I work two and a half days a week. In the olden days, I would have questioned such a silly working pattern and wondered how to fill the rest of my life. As a parent, this is no longer something I need to give thought to.

On my Tuesday afternoons off (ha ha), I run around like a mad woman getting all the jobs done that I can’t do when I have a little person to cart around with me. OK, this isn’t EVERY Tuesday … but the majority at least.

This Tuesday, it was time to batch cook some meals for the coming days. As TJ is on a nap-strike, I have no opportunity to do this during the day and by the evening I struggle to throw something resembling a meal together for myself and TJ’s Dad (whilst said Dad is on bedtime routine duty, not just sitting on the sofa watching Eastenders).

After finishing work at 2pm, I legged it home so I could do a food shop and sharpen my culinary skills before picking TJ up from nursery at 5.30pm. After some questionable driving of both a car and trolley, I made it back to the kitchen with an hour to whip up baby curry and baby pilaf rice.

I don’t always have such a plethora of appetising choices for TJ. He’s no stranger to an Ella’s Kitchen pouch or a Heinz mini meal. He’s also rather familiar with my signature dish – pea puree sandwiches. But I do like to rustle up some homecooked grub now and again, and ignore the fact that TJ seems to enjoy a pouch just as much, if not more.

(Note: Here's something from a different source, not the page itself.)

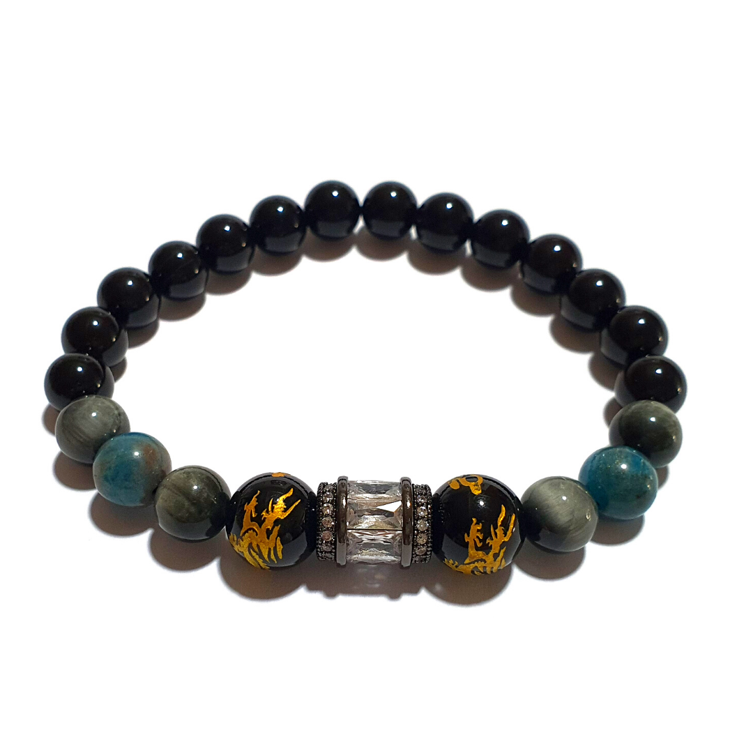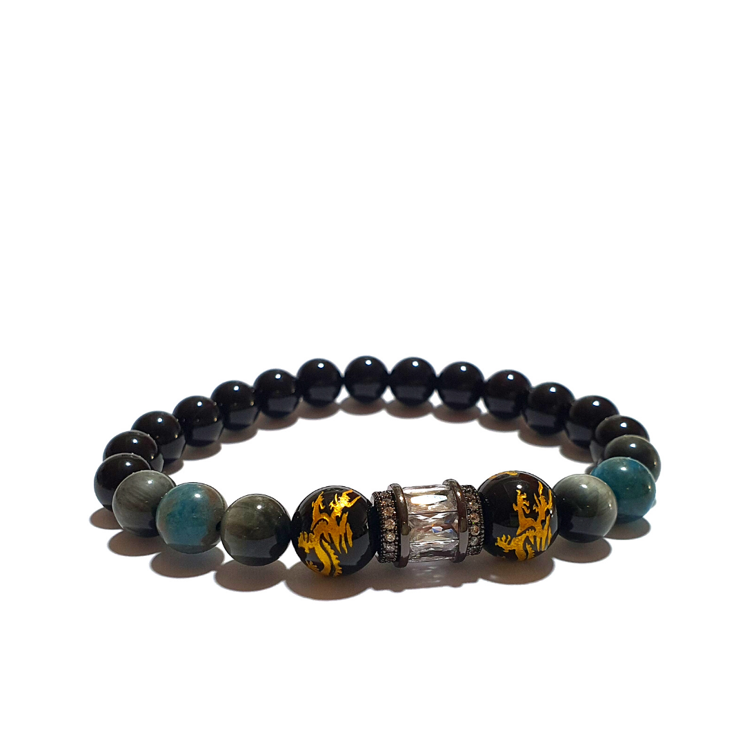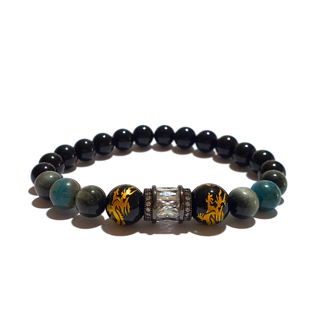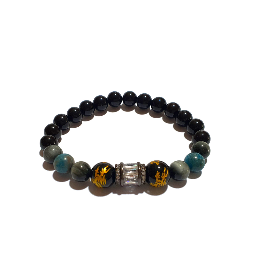 This bracelet contains the following crystals that help connect one's self to the universe by enhancing wisdom, intellect, and confidence with additional protection from onyx.

I peeled, chopped into tiny pieces, sauteed and simmered a wide variety of healthy stuff, shoved it into tubs, let it cool and lobbed it into the freezer with just enough time to ram half a tub of cottage cheese down my own neck before running out the door to collect the little man from his day care.

I am lucky because TJ is far from a fussy eater – he usually wolfs down whatever I put in front of him *touches wood so he eats that damned curry*. He’s never been a struggle to feed (breastfeeding aside), and he’s growing exceptionally well (too well?!) to prove it.

When he gets some more teeth (four and counting now!), I will start giving him more of what me and his Dad live on.

Until, then it’s bespoke baby meals a go go in the Peppis household. You never know, I could just be a mumtrepreneur in the making. (I am not, my cooking skills are terrible).